Расчет оправдался, и юный горожанин в двух словах объяснил, что парк не только есть, но и находится буквально за углом следующего квартала. Последовав его указаниям, Нико и впрямь увидел перед собой небольшой зеленый уголок, окруженный черной железной оградкой. Глаза его радостно вспыхнули. Прибавив шагу, он прошел через ворота по посыпанной гравием дорожке. Открывшийся пейзаж был по-своему интересен; удивляло лишь практически полное безлюдье. Кто-то, присев в кустах, справлял нужду; на заросшей высокой травой полянке лежали, раскинувшись, пьяные.

Выбрав местечко подальше от этих любителей природы, Нико сел под высокое одиночное дерево и, обратившись лицом к слабеющему солнцу, постарался расслабиться.

Он закрыл глаза и представил, что вернулся домой, н Хос, и сидит на вершине лесистого холма, поднимающегося за принадлежащим матери крохотным участком.

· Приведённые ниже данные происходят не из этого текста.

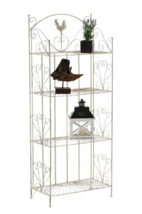 Klappbares Standregal Mia Das Modell “Mia” ist nicht aus dünnwandigem Blech, sondern aus extrem stabilem und dickem Eisenrohr. Die Qualität ist sehr gut. Eine Beschichtung (pulverbeschichtetes Eisen) macht dieses Regal sehr hochwertig und extrem langlebig. Die liebevollen Verzierungen im Landhausstil sehen sehr schön aus und verleihen einen antiken Charakter. Das Regal kann bei Bedarf zusammengeklappt werden! Das Produkt ist original verpackt und leicht aufzubauen. Es handelt sich um absolute Neuware. ACHTUNG: Lieferung erfolgt OHNE Dekoration! Ca. Abmessungen: Gesamthöhe: 153 cm Gesamtbreite: 61,5 cm Gesamttiefe: 33 cm Höhe Regalböden: 127, 96, 53, 10 cm Ablageflächen: 31,5 x 57 cm Abstand zwischen Ablageflächen: 43 cm (Abstand zw. den oberen: 29 cm) Standrohr Durchmesser: 15 mm Max. Belastbarkeit: 40 kg Belastbarkeit pro Ablagefläche: 10 kg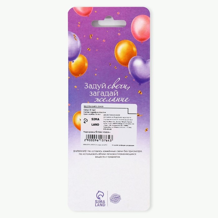 Свечи для торта - это неотъемлемый атрибут праздника. Набор свечей станет прекрасным украшением торта и других кондитерских изделий по случаю дня рождения, юбилея и любого другого торжества. Украсьте угощение стильными свечами, чтобы сделать особенный день ещё более ярким и незабываемым. Для того, чтобы свечи не задувались, им нужно дать 60 секунд разгореться, после чего их можно будет задувать, но уже через несколько секунд, как они погаснут, свечи загорятся снова. Для того,чтобы свечи все-таки потушить, их рекомендуется примочить водой или придавить фитиль свечи. Изготовлены из высокоочищенного пищевого парафина, который не влияет на вкусовые качества блюд, а удобная упаковка помогает сохранять свечи при длительном хранении и транспортировке.

В такие дни Нико частенько уходил из дому в сопровождении верного Буна, с заплечным мешком, в котором лежала буханка свежеиспеченного киша, кусок сыра, фляжка с водой, манок, моток лесы и несколько рыболовных крючков. Он уходил от рутинных проблем, пыхтя и потея, карабкался по склонам, вдыхал чистый и прозрачный воздух, и с каждым шагом на душе становилось легче, а проблемы отступали. Развеселившийся Бун носился туда-сюда, вынюхивая кроликов, мышей и прочую живность, за которой можно было побегать.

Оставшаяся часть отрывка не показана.